Nick Barnett: The safest choice, really. A lifelong Packer with the speed to close the gap and strength to lay a solid hit, he really is a complete package, and the guy never quits. He's a great model-vet for the younger players to look up to. Barnett was arguably the leader before Woodson arrived almost by default. As much as his celebrations make Packer Nation do a collective facepalm, he always gets the job done.

However, this isn't ideal to me. Barnett is 28 years old, and while that isn't old by any stretch, I'd rather have one of the younger guys step into the leadership role. By the time Woodson is out, Barnett could be on his way out--without his speed he's merely pedestrian. Barnett is a nice fall-back plan to have, but the following two would be my picks, perhaps as co-leaders.

Clay Matthews III: CM3 has to be the biggest surprise of the season for Green Bay, and is probably the most fun player to watch on Capers' high-octane 3-4. It was easy to miss him the first few weeks as Woodson hogged the spotlight, but when Matthews literally took the ball away from Adrian Peterson and ran in for a touchdown on ESPN, the nation saw a star in the making.

Where Barnett is intense, Matthews is hell-bent. He's always moving towards the ball, always around the tackle. You knock him down on his back and he's crabwalking toward the QB. He's Jared Allen without the insanity. Obviously its premature to dub a rookie the future of the defense, but if the early returns are any indication, they could be in much worse hands. This man is a budding emotional leader.

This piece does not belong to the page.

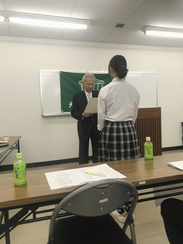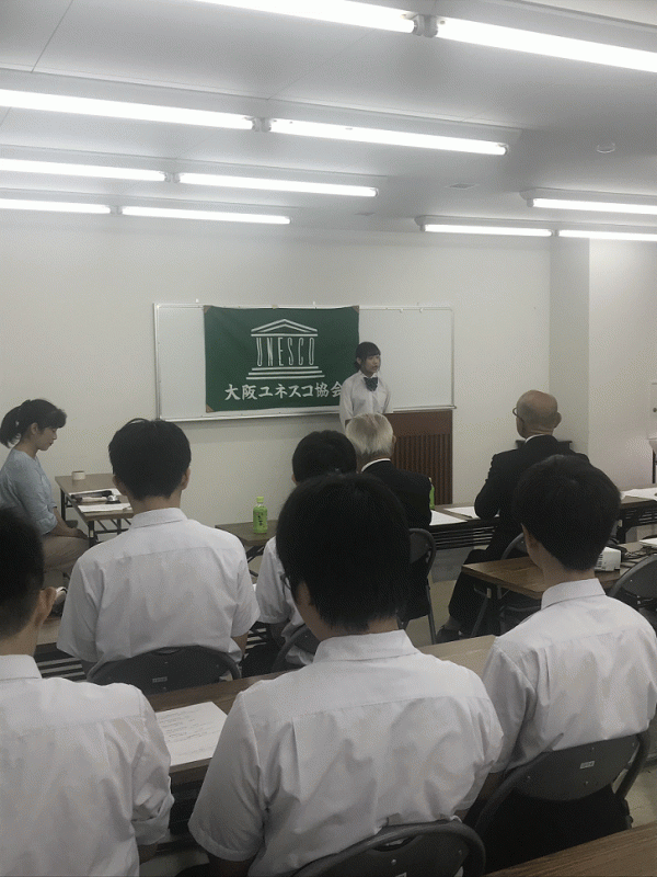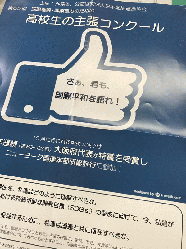 9/15に「第65回国際理解・国際協力のための高校生の主張コンクール」(外務省主催)の 大阪府大会が大阪ユネスコ協会で行われ、3年の山田ほのかさんが優秀賞に入選しました。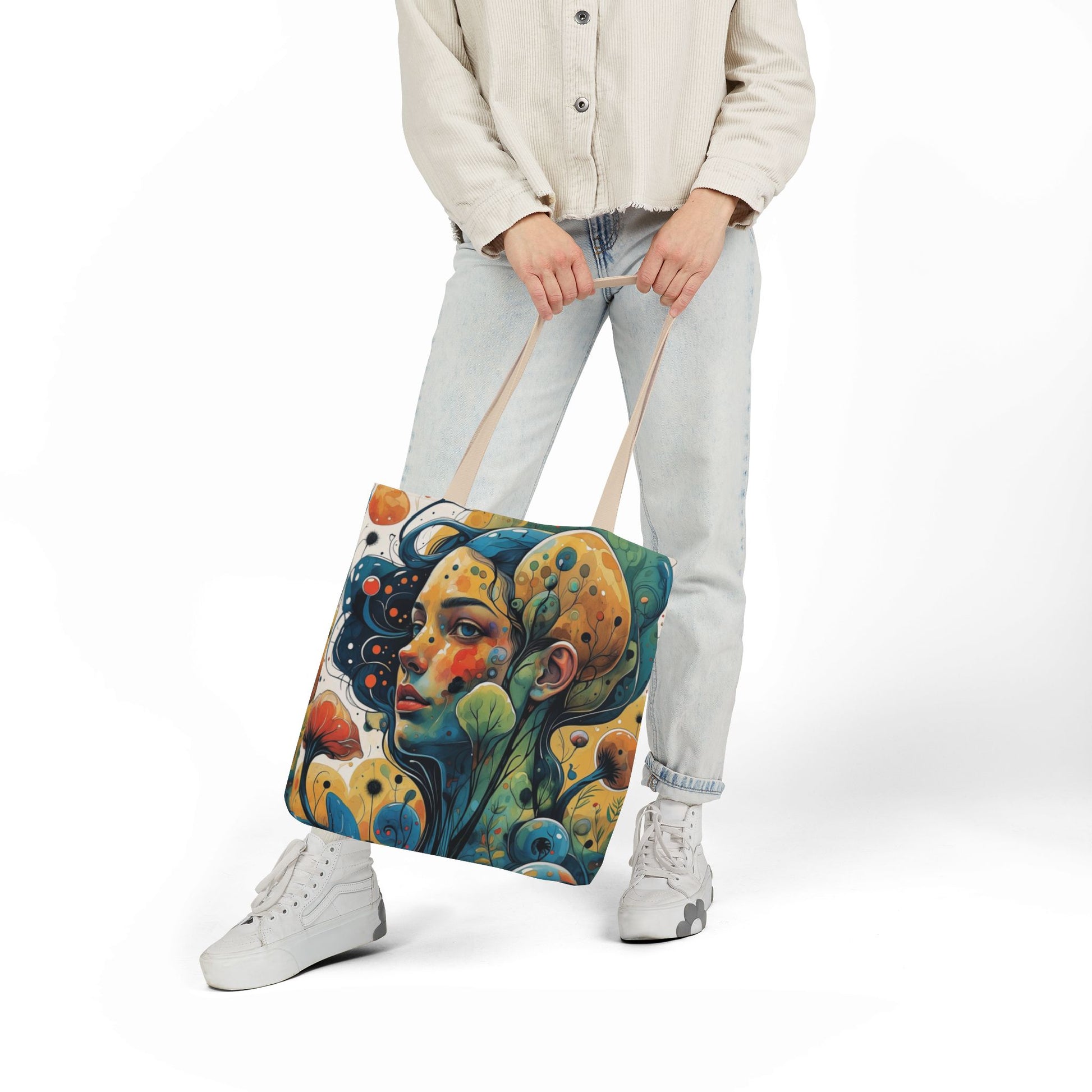 La collezione Oniric Visions nasce proprio da questo desiderio: trasformare una semplice borsa di tela in un portale verso l'onirico, una compagna di viaggio capace di trasportare non solo i propri effetti personali ma anche il proprio mondo interiore. Oniric Visions non segue le tendenze, ma le visioni: tonalità tenui, dettagli che sembrano emergere da un acquerello, linee che raccontano storie senza parole. Queste borse sono pensate per chi sa sognare, per chi sa perdersi in un orizzonte immaginario, per chi vuole esprimere la propria identità attraverso piccoli universi da indossare.

Nick Collins: On defense, one of two positions tends to be the 'quarterback': middle linebacker (see Barnett, Nick) or free safety. Here's the latter.

After looking lost at times early in his career, everything seemed to slow down last season, and he enjoyed his first pro bowl season. This year he appears on track for another berth as he chases Woodson for the team lead in interceptions.

Collins to me is an upgraded Darren Sharper. He isn't afraid to lay the hit but still gets the picks, and when he gets the ball, his eyes are always on the endzone. Even though he's a physical player, he doesn't play with the recklessness that plagues Atari Bigby, and he combines great speed with great field vision. He's developed into a complete player, and he is my counterbalance to CM3--two playmakers, one in front and one in back, making everyone around them better.

And should they falter, Barnett will be there to pick up the slack.

PS - If you're upset that Collins hasn't been locked up yet, don't be. Because of the uncertainty of the collective bargaining agreement in 2010, there's no reason to rush anything. He's set to be a restricted free agent, so the Packers have rights to him next year if there's no new CBA, and if there is they'll franchise tag him and probably save money on the deal (yes, he's that valuable). So don't think for a second that the Brandon Chillar deal somehow means they're ignoring Collins. Thompson, as always, is just playing it smart.